Defining the role the Academy has played in the lives of generations of students, Manager Shahzad Khurram said: "Often, the people who come to us are very creative and image-focused. We then help them to develop their commercial skills, allowing them, in time, to manage their own fashion businesses."

With so many options on offer, both domestically and internationally, it's not surprising that one commercial operator – Kuala Lumpur-headquartered EasiUni – sensed that there was money to be made by helping to matchmake students, courses and colleges. Billing itself as "Malaysia's leading online student recruitment platform", it currently claims to have 2,000 universities on its books.

Explaining how it all works in practice, Gillian Chan, EasyUni's Head of Business Development and Marketing, said: "Essentially, we are a digital agency and we help universities reach their target audiences in Malaysia and across Southeast Asia, while also enabling school leavers to identify the universities, courses and scholarships that interest them.

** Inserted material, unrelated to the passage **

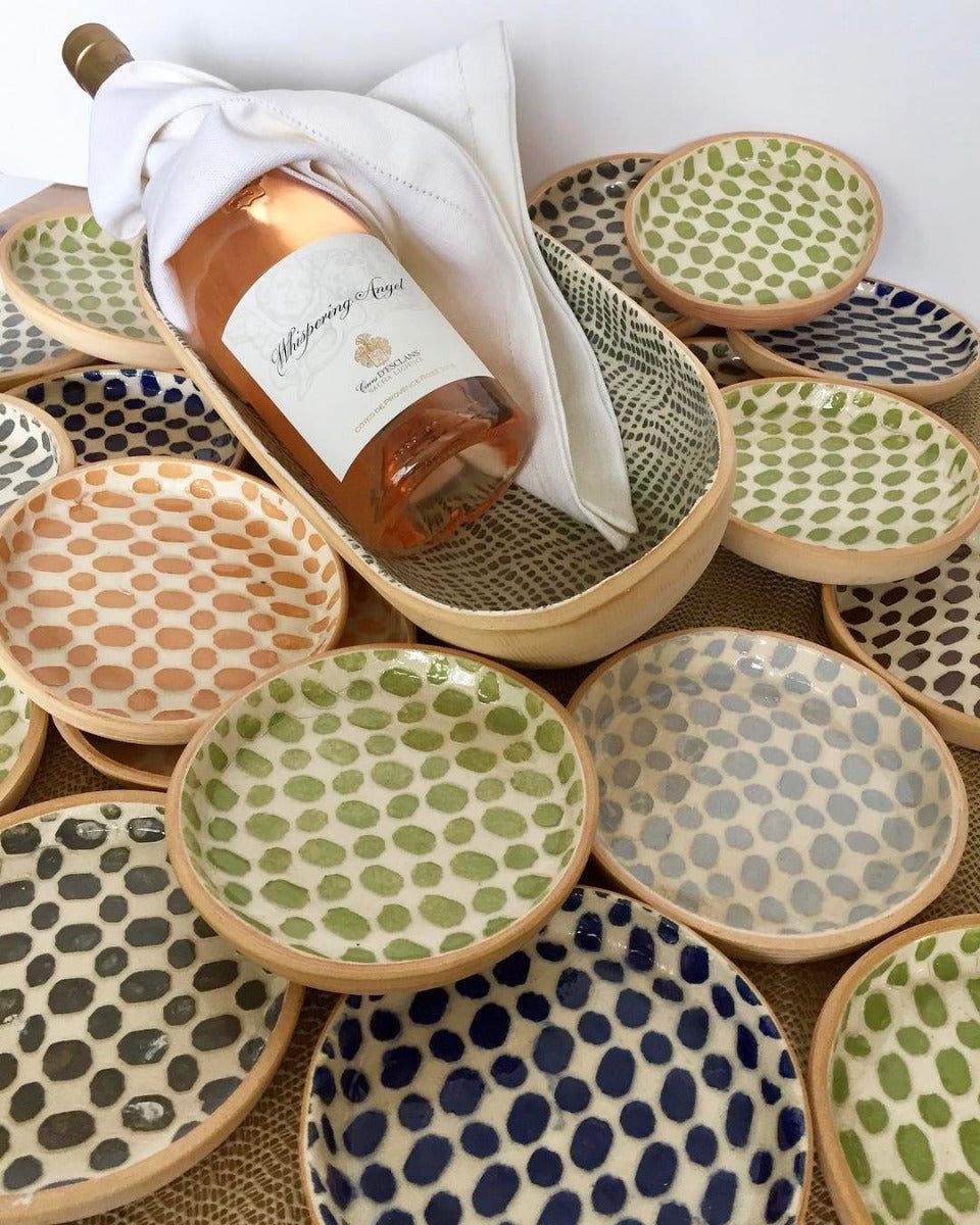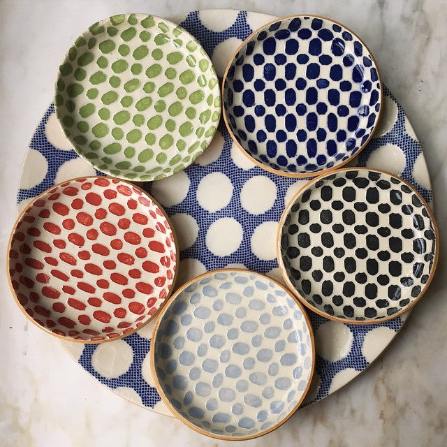 Stunning handmade stoneware wine coasters with Terrafirma Ceramics' Dot Pattern in an assortment of hand painted colors. Beauty in texture, pattern, and color.

"Of late, many universities have dispensed with their traditional approach to marketing altogether and gone digital, largely because it is more targeted and more measurable. At the same time, students are going online to search for the information they need, while tending to trust the assessments made by their peers, information that we have also integrated into our site."

Photo: Making a song and a dance about education: Musicpreneur Malaysia.
Making a song and a dance about education: Musicpreneur Malaysia.
Photo: Making a song and a dance about education: Musicpreneur Malaysia.
Making a song and a dance about education: Musicpreneur Malaysia.

The 2018 Facon Education Fair took place from 31 March-1 April at the Kuala Lumpur Convention Centre.